*** Data excerpt Section Begins ***

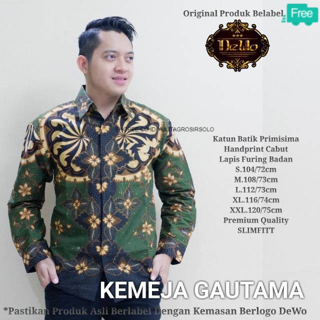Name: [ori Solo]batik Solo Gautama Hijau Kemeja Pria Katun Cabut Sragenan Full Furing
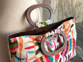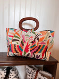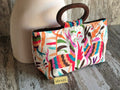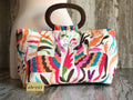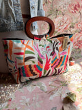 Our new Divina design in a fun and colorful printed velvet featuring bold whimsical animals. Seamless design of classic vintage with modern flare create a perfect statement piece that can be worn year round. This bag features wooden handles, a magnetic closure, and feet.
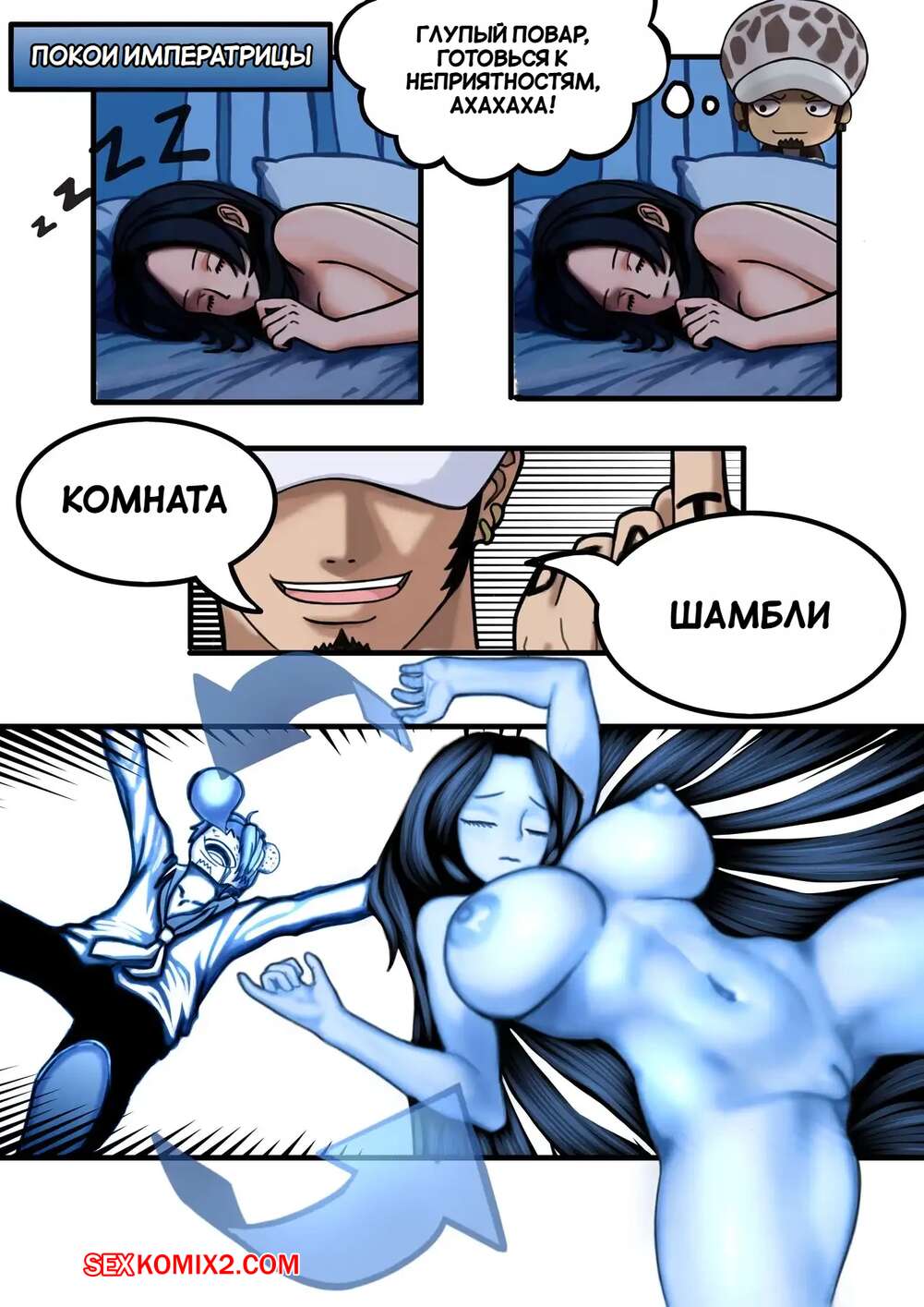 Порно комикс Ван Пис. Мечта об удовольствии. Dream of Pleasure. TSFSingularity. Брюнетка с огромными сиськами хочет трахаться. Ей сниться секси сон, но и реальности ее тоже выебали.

*** Data excerpt Section Ends ***

• Task to carry out: Everything from the first line of the listing above through the line that contains "Our new Divina" is to be restated word for word, minus the pictures.

• Your response:
Name: [ori Solo]batik Solo Gautama Hijau Kemeja Pria Katun Cabut Sragenan Full Furing
 Our new Divina design in a fun and colorful printed velvet featuring bold whimsical animals. Seamless design of classic vintage with modern flare create a perfect statement piece that can be worn year round. This bag features wooden handles, a magnetic closure, and feet.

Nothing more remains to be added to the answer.